Your task. Would you please set down, word for word, the lines from the one with "있다. [뉴시스] |" through the final line of the data below, omitting any pictures?

Extracted material: Begin

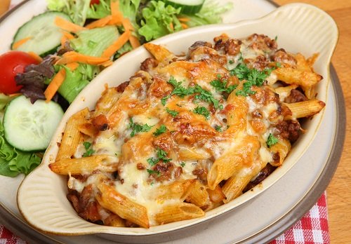 - أضيفي ثلث صلصة البشاميل إلى طبق الخَبز ثم أضيفي ثلث الباستا وفوقها جبنة الموزاريلا والبارميزان ثم ضعي طبقة من صلصة الراجو.
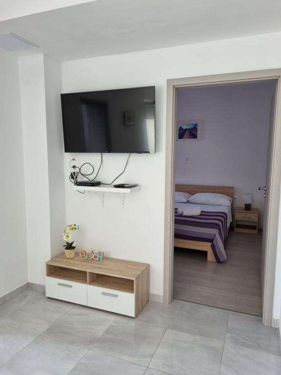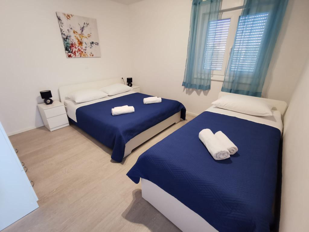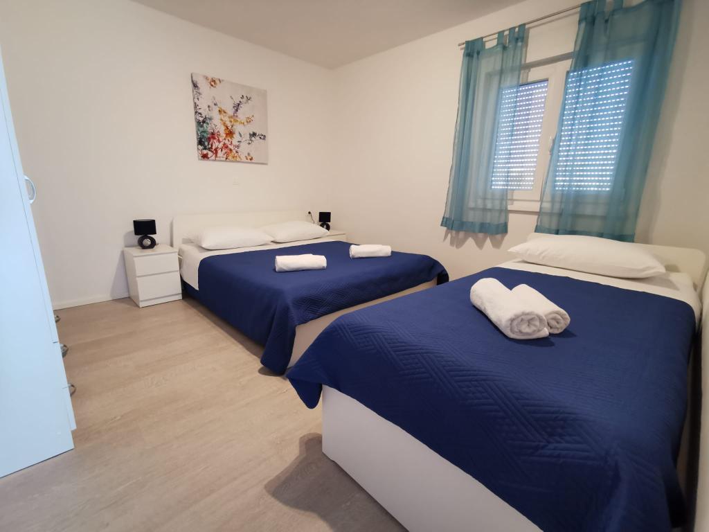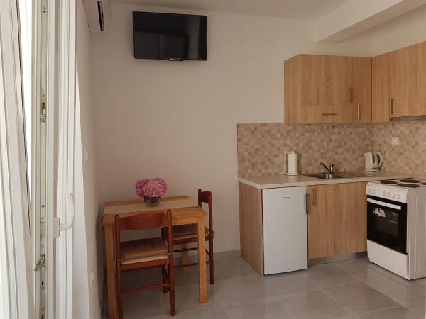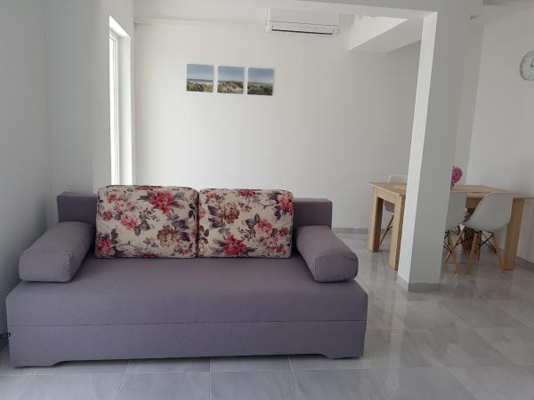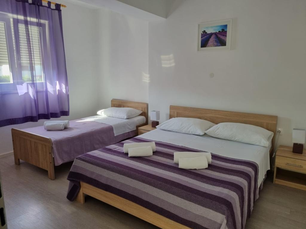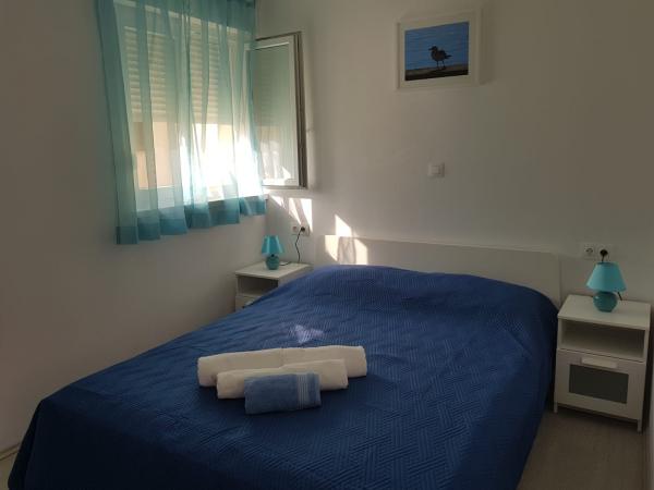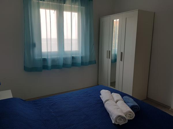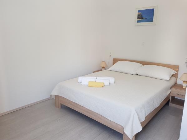 Naše apartmány se nacházejí u moře, v centru Mandri, na ostrově Pag. Všechny apartmány se nacházejí v 1. patře našeho rodinného domu, takže nabízejí krásný výhled na moře. Apartmány jsou nově zrekonstruované a vybavené internetem, klimatizací, TV/SAT, plně vybavenou kuchyní a navíc můžete na všechna okna nasadit sítě proti hmyzu spolu se žaluziemi jako ochranu proti komárům. Každý apartmán má vlastní parkovací místo a všichni hosté mohou využívat gril na zahradě. Přes náš dvůr se dostanete přímo na pláž, takže pro příjemnou dovolenou na slunci potřebujete jen ručník přes rameno! Moc se těšíme na váš příjezd!
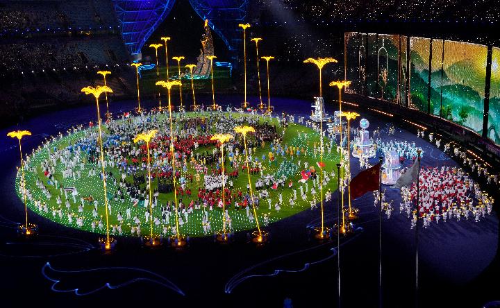 閉幕式當(dāng)晚,“大蓮花”造型的杭州奧體中心體育場內(nèi),童聲伴隨百花綻放、金桂留香,湖水漣漪的水墨畫卷,時而幻化為連通古今的古橋,時而躍現(xiàn)成青山飛鳥的江南美景……閉幕式充滿東方美學(xué)的巧思,呈現(xiàn)中國文化的豐富內(nèi)涵。
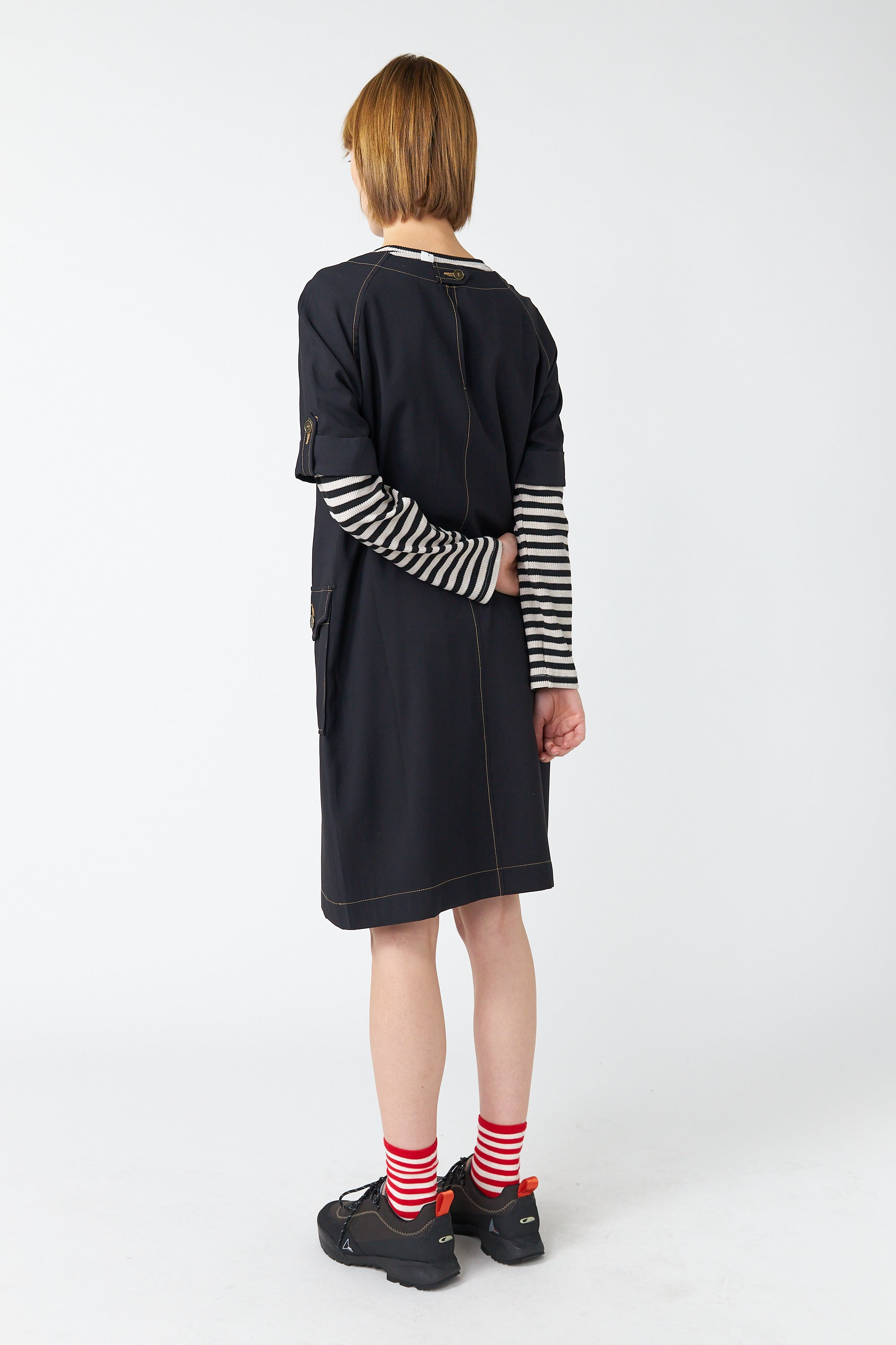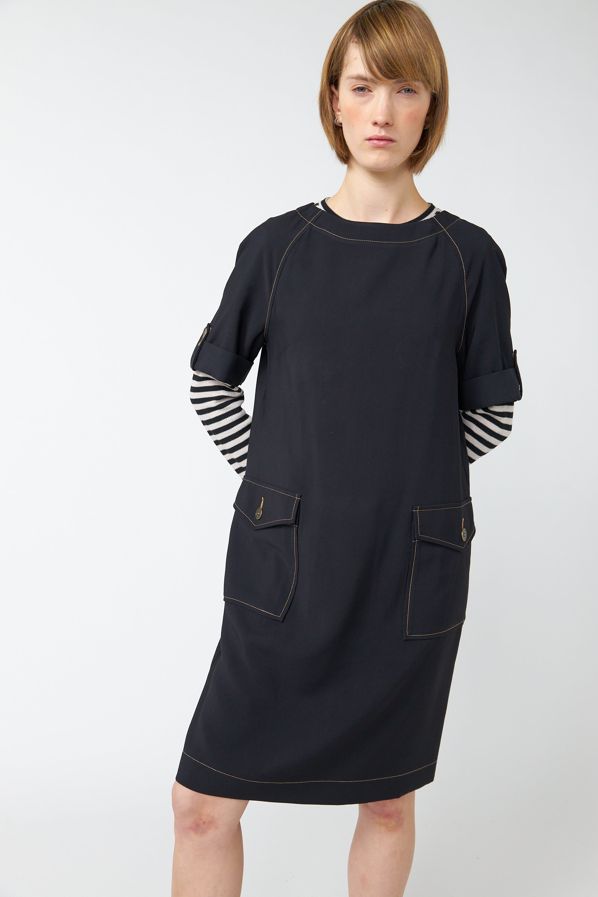 The Traveller sack dress is a relaxed shift style dress that falls to the knee. Featuring a flattering boat neckline, short rolled sleeves, front patch pockets and contrast stitching. Layering it with our makes it a great transeasonal piece.Lola is 5'7 and wears size 6.
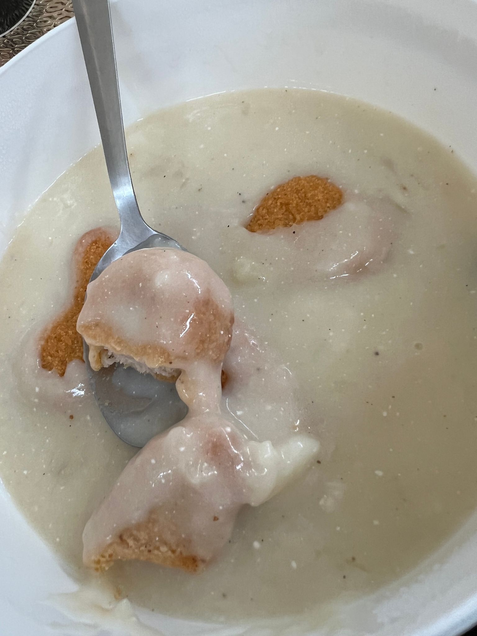 Kedd – grízgaluska leves, burgonyafőzelék, nuggets
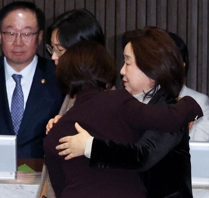 | ▲ 정의당 심상정 의원(오른쪽)이 25일 국회 본회의에서 '의원직 사직안' 통과로 자리를 떠나는 이은주 의원과 포옹 인사를 하고 있다. [뉴시스] |
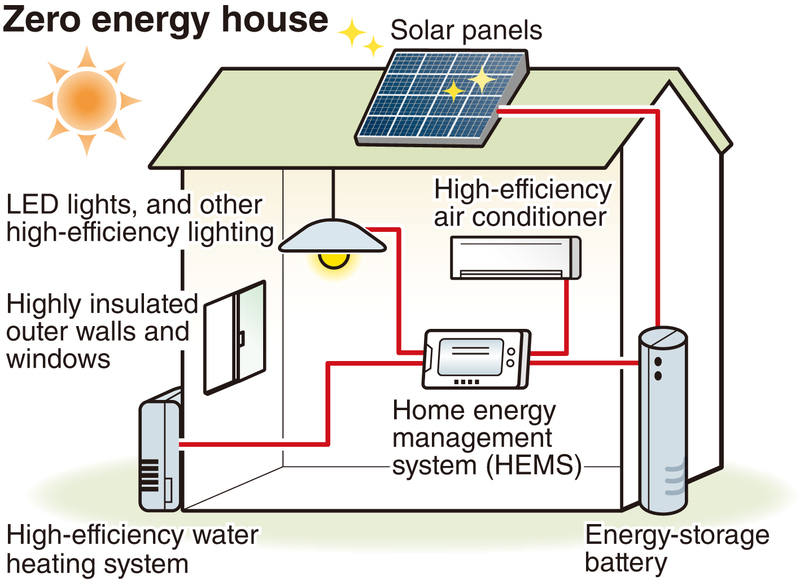 Houses combining energy-saving and energy-generating facilities, such as solar power generation, to achieve a zero-net energy balance are increasingly gaining attention. Net zero energy houses (sometimes abbreviated as ZEH) are often environment- and budget-friendly, and because of their ability to maintain a fairly constant internal temperature, they are also expected to have positive health effects. The central government is promoting the spread of zero-energy homes, citing that they will help reduce greenhouse gas emissions and enable self-supply of electricity during disasters.

Extracted material: End

Written solution.
 | ▲ 정의당 심상정 의원(오른쪽)이 25일 국회 본회의에서 '의원직 사직안' 통과로 자리를 떠나는 이은주 의원과 포옹 인사를 하고 있다. [뉴시스] |
 Houses combining energy-saving and energy-generating facilities, such as solar power generation, to achieve a zero-net energy balance are increasingly gaining attention. Net zero energy houses (sometimes abbreviated as ZEH) are often environment- and budget-friendly, and because of their ability to maintain a fairly constant internal temperature, they are also expected to have positive health effects. The central government is promoting the spread of zero-energy homes, citing that they will help reduce greenhouse gas emissions and enable self-supply of electricity during disasters.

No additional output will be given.